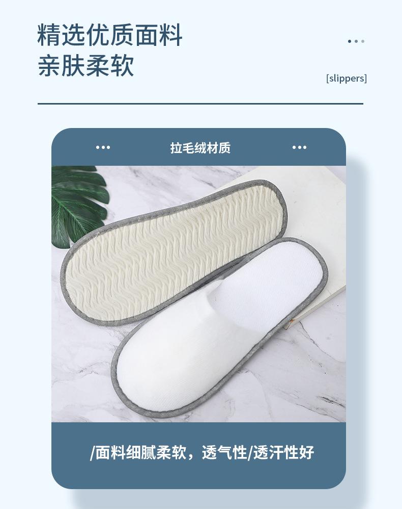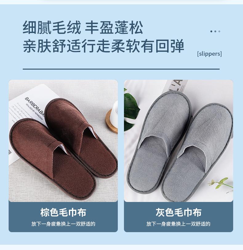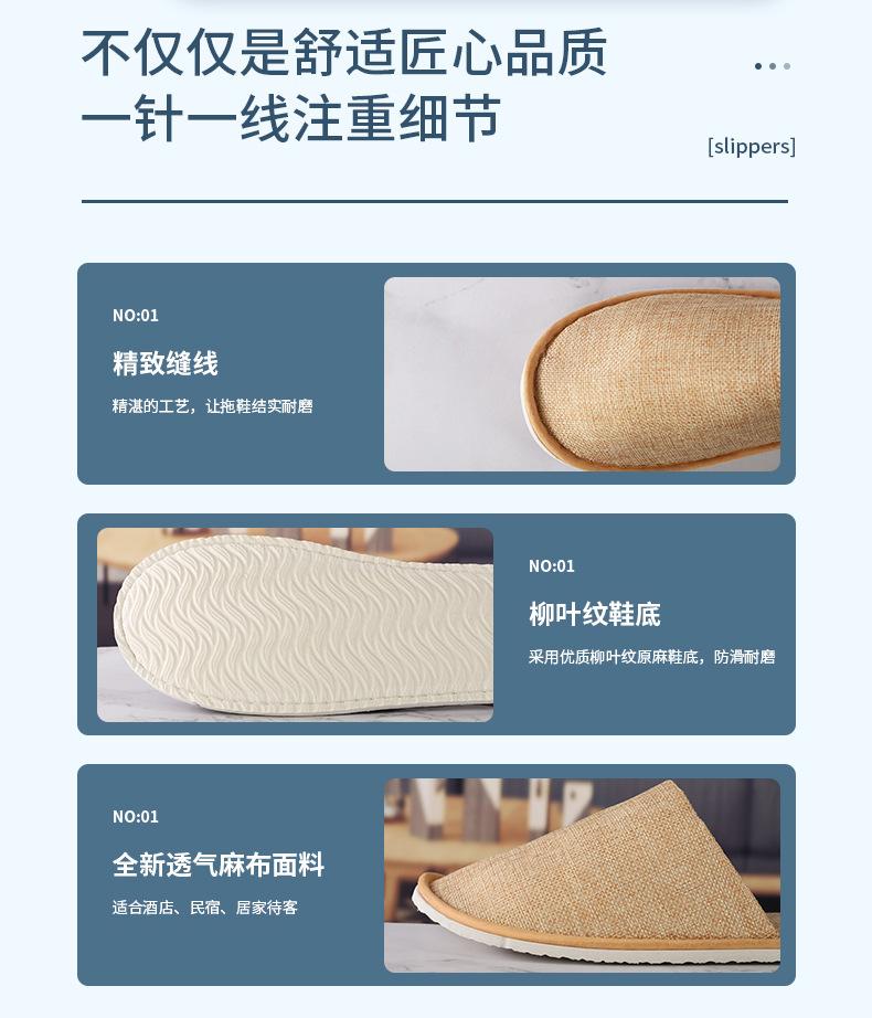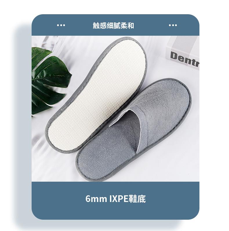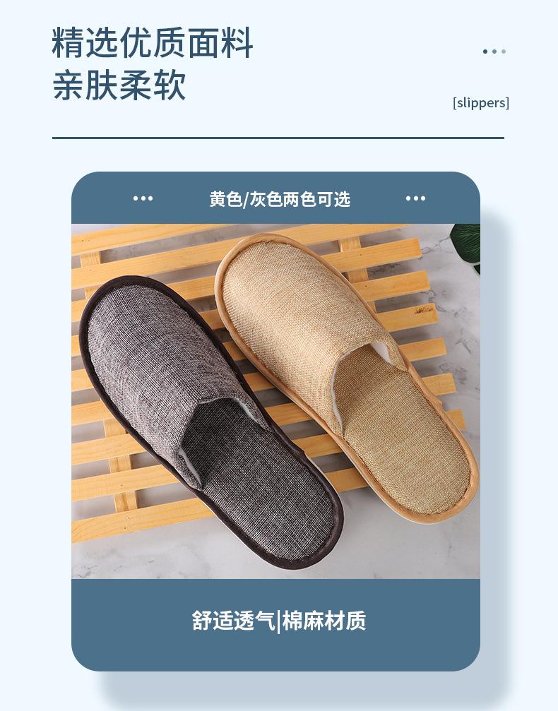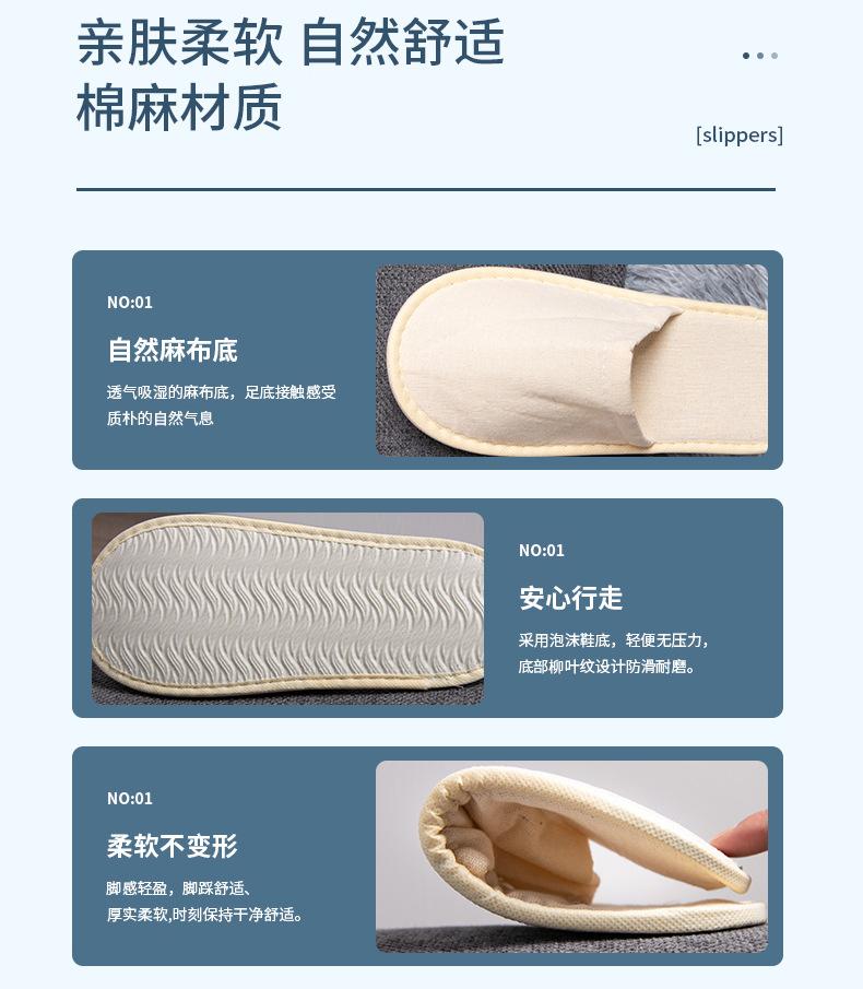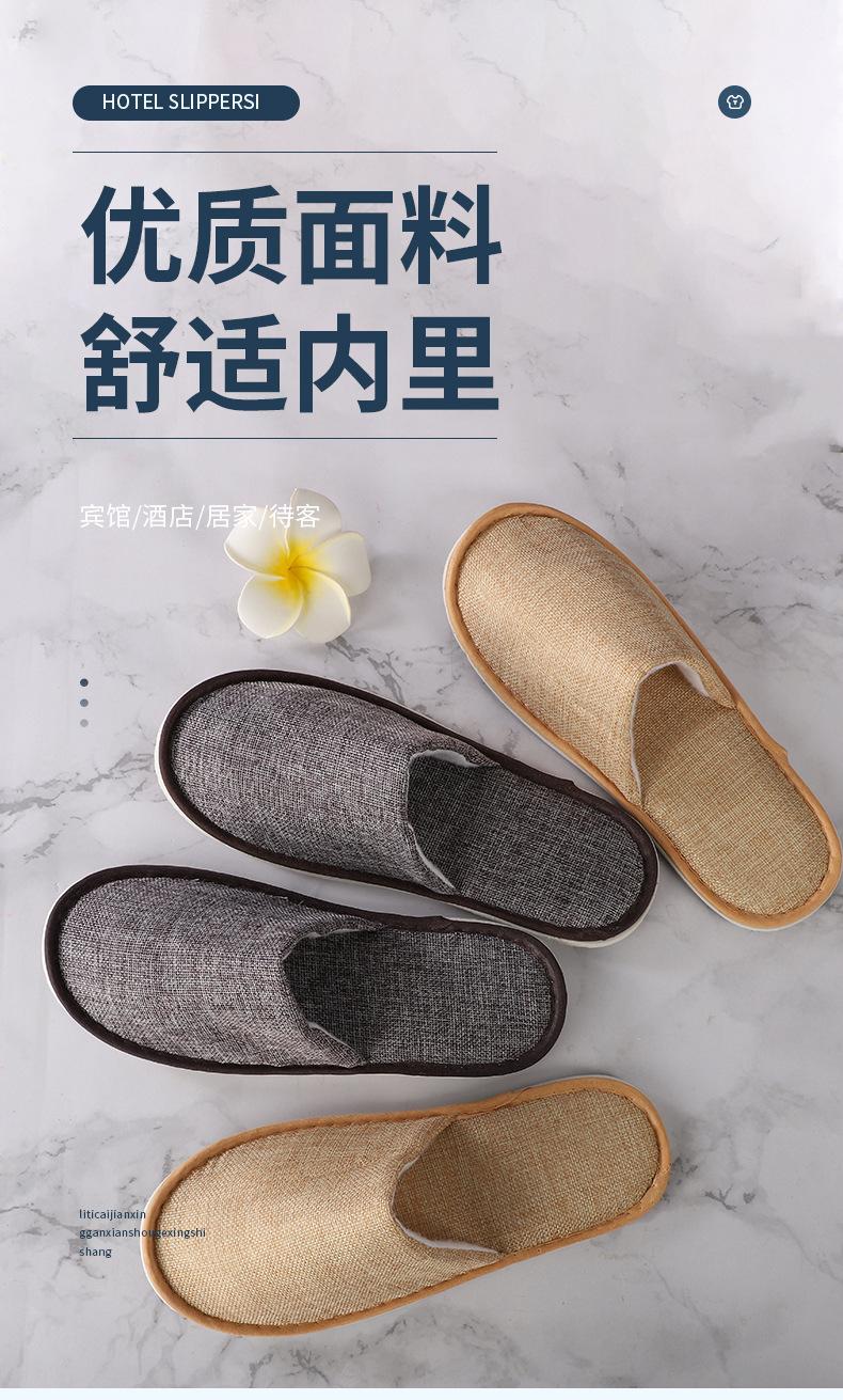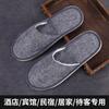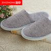 Pantuflas desechables de felpa de lino para hotel, para alojamiento familiar, para el hogar, antideslizantes, gruesas, con logotipo impreso.
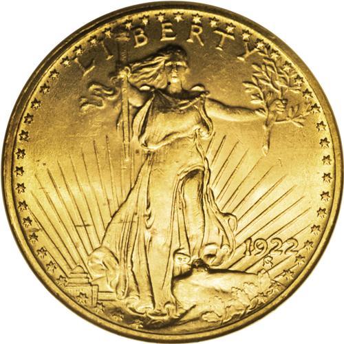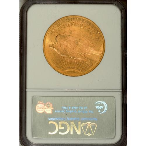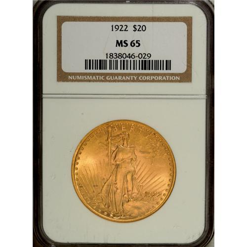 <B>1922 $20 MS65 NGC.</B></I> Well struck and slightly satiny, this straw-gold piece has a hint of orange in the reverse fields. The overall preservation is fine, though a few tiny marks and a thin, broken line of grease appear on the obverse; the latter extends horizontally from 8 o'clock to the gown. NGC has graded just nine coins finer (12/06).<BR><BR><b>Shipping:</b> Coin/Currency (<a target="_blank" href="http://www.heritageauctions.com/common/shipping.php">view shipping information</a>)
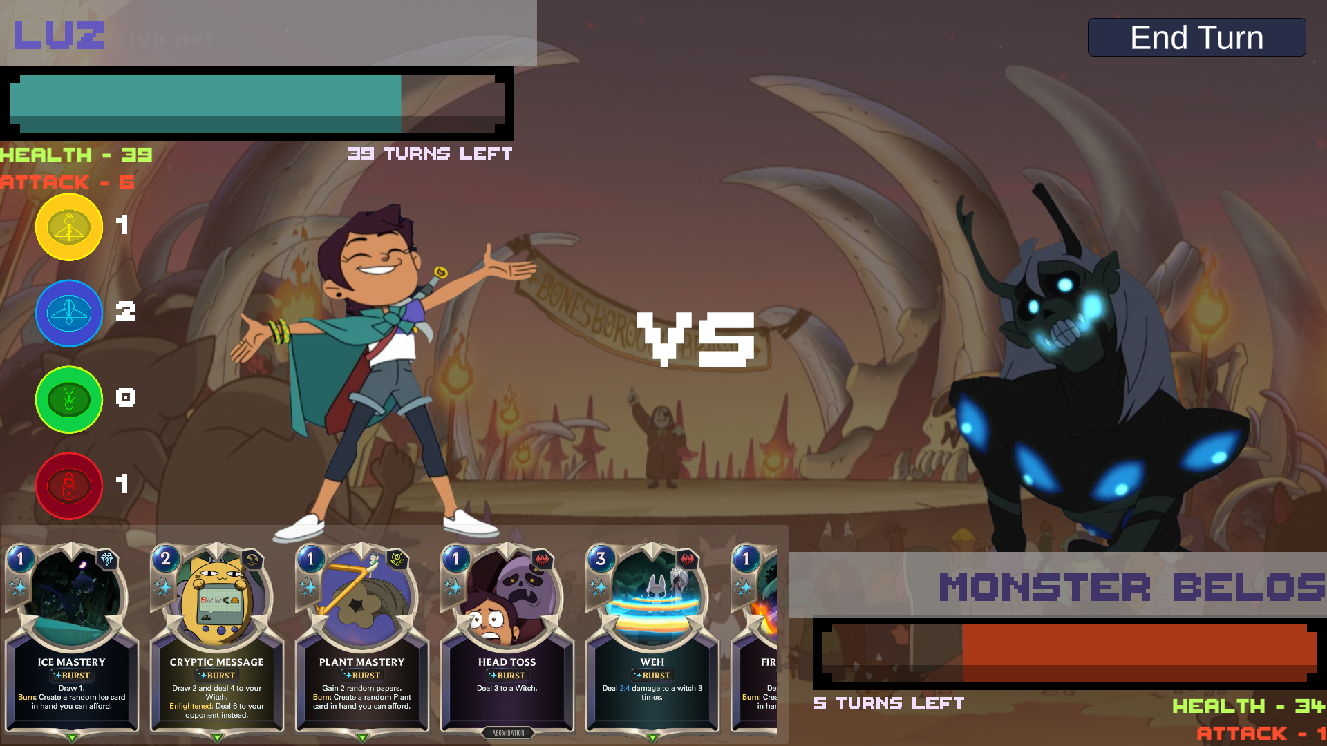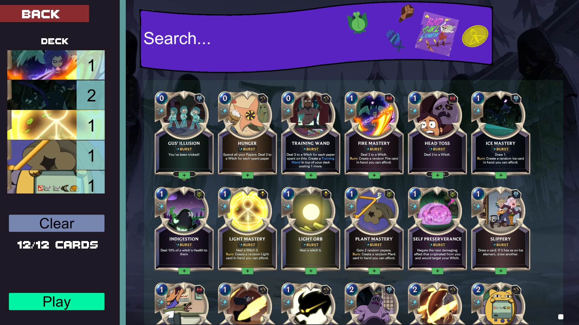 Master the 4 elements, dabble in Wild Magic, and battle iconic witches in this fast-paced card game inspired by The Owl House. Every spell and character has effects and powers to match their power in the show.
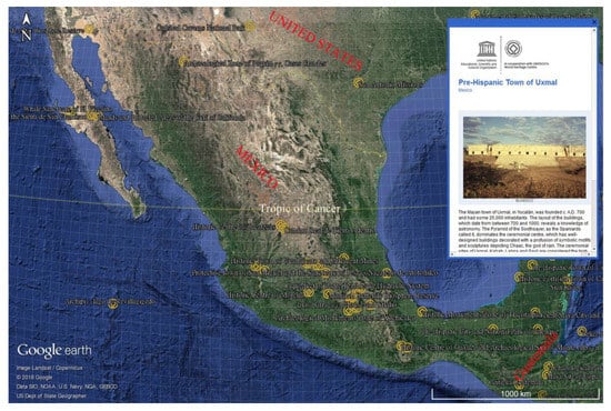 In this review, we produced the latest (updated to 2017) WHS list in KML format (KML S1) by coding and extracting the items from the latest XLS sheet data and linking and visiting the photo collections from the UNESCO-WHC website []. For instance, the WHS list by country lists Mexico as the home of the seventh largest number of sites with 34. The public then only knows that Mexico has 34 WHSs and can read their tedious descriptions in the XLS file as well as the GEORSS, RSS, and XML files, but it can learn more about sites from the KML file in GE: For example, exact locations, general situations, photos, and spatial distribution features. The Tropic of Cancer effectively divides Mexico into temperate and tropical zones. By browsing the KML file in GE, it can be found that most WHSs are concentrated to the south of the Tropic of Cancer (Figure 4); in particular, the cultural properties and distribution patterns of the sites are maybe closely related to the terrain and landforms [].

WHAT TO DO => Everything from the top line of the data down to and including the line with "Master the 4" is to be copied, except the pictures.

OUTPUT =>
 Pantuflas desechables de felpa de lino para hotel, para alojamiento familiar, para el hogar, antideslizantes, gruesas, con logotipo impreso.
 <B>1922 $20 MS65 NGC.</B></I> Well struck and slightly satiny, this straw-gold piece has a hint of orange in the reverse fields. The overall preservation is fine, though a few tiny marks and a thin, broken line of grease appear on the obverse; the latter extends horizontally from 8 o'clock to the gown. NGC has graded just nine coins finer (12/06).<BR><BR><b>Shipping:</b> Coin/Currency (<a target="_blank" href="http://www.heritageauctions.com/common/shipping.php">view shipping information</a>)
 Master the 4 elements, dabble in Wild Magic, and battle iconic witches in this fast-paced card game inspired by The Owl House. Every spell and character has effects and powers to match their power in the show.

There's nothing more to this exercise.